Problem:
Omit all pictures. Reproduce exactly the lines from the first line of the records below through the line with "微技术UT85网纹直出跳刀 全长:22cm 刃长:9cm".

[Collected data entries]
---
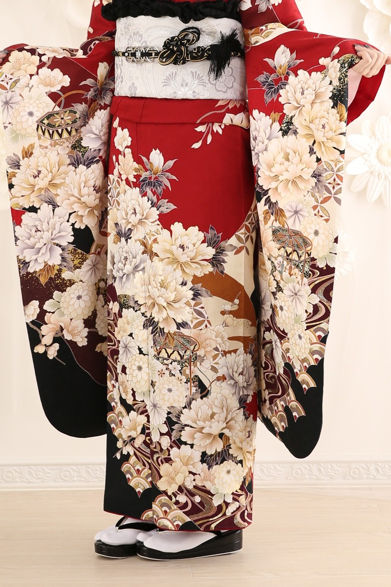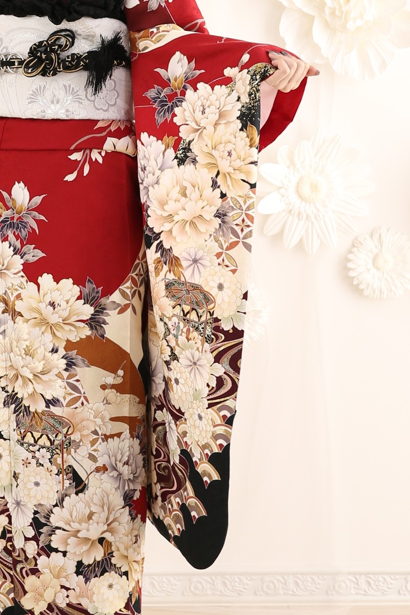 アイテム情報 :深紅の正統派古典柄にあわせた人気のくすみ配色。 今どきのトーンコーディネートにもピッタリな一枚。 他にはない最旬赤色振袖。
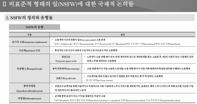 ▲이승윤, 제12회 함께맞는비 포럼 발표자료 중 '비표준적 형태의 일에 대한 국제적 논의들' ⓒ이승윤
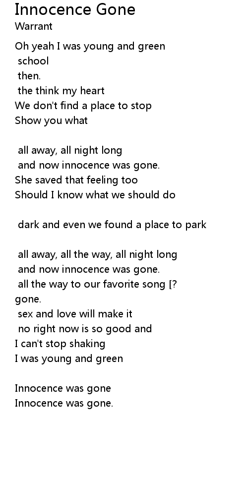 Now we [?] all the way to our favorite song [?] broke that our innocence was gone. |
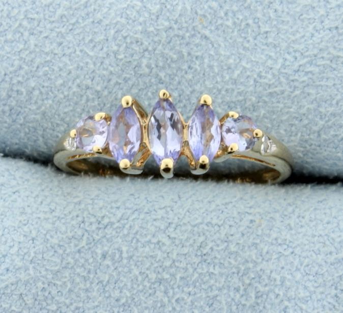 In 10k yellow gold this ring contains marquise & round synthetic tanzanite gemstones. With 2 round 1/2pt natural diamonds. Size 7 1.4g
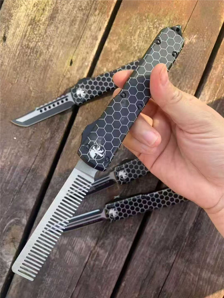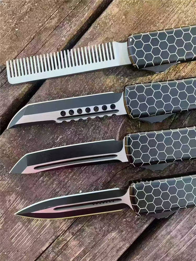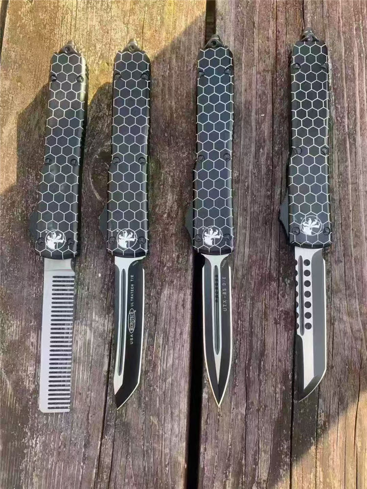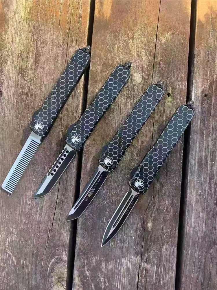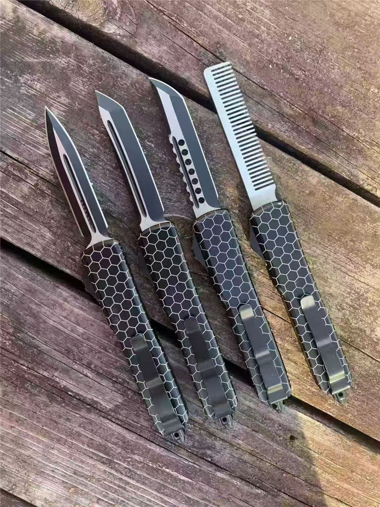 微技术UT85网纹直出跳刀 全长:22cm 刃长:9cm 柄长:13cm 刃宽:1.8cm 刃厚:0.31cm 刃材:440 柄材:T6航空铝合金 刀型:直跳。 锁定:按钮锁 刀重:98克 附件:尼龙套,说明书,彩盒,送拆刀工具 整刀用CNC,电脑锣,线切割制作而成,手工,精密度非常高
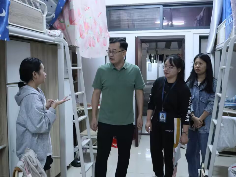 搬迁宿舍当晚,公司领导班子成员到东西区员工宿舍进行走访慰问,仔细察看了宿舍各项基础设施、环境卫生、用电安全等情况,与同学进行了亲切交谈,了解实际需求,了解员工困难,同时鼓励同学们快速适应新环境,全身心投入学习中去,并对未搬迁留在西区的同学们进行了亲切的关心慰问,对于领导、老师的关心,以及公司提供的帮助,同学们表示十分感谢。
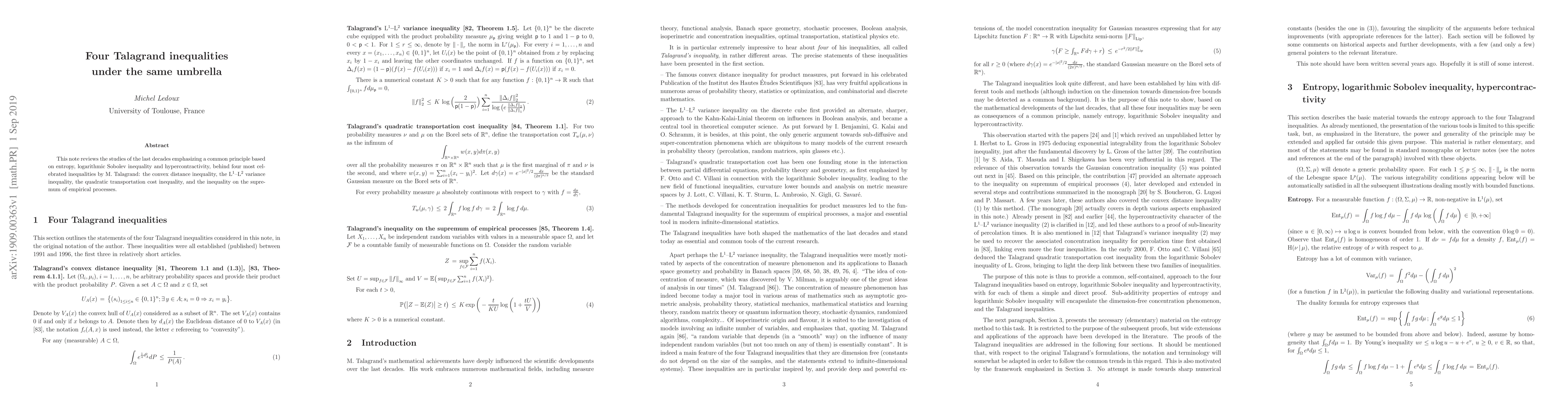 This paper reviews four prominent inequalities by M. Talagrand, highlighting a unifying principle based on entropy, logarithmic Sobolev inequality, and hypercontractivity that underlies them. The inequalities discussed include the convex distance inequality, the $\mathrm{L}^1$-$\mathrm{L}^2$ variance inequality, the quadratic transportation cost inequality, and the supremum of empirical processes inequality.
---
Solution to the exercise:
 アイテム情報 :深紅の正統派古典柄にあわせた人気のくすみ配色。 今どきのトーンコーディネートにもピッタリな一枚。 他にはない最旬赤色振袖。
 ▲이승윤, 제12회 함께맞는비 포럼 발표자료 중 '비표준적 형태의 일에 대한 국제적 논의들' ⓒ이승윤
 Now we [?] all the way to our favorite song [?] broke that our innocence was gone. |
 In 10k yellow gold this ring contains marquise & round synthetic tanzanite gemstones. With 2 round 1/2pt natural diamonds. Size 7 1.4g
 微技术UT85网纹直出跳刀 全长:22cm 刃长:9cm 柄长:13cm 刃宽:1.8cm 刃厚:0.31cm 刃材:440 柄材:T6航空铝合金 刀型:直跳。 锁定:按钮锁 刀重:98克 附件:尼龙套,说明书,彩盒,送拆刀工具 整刀用CNC,电脑锣,线切割制作而成,手工,精密度非常高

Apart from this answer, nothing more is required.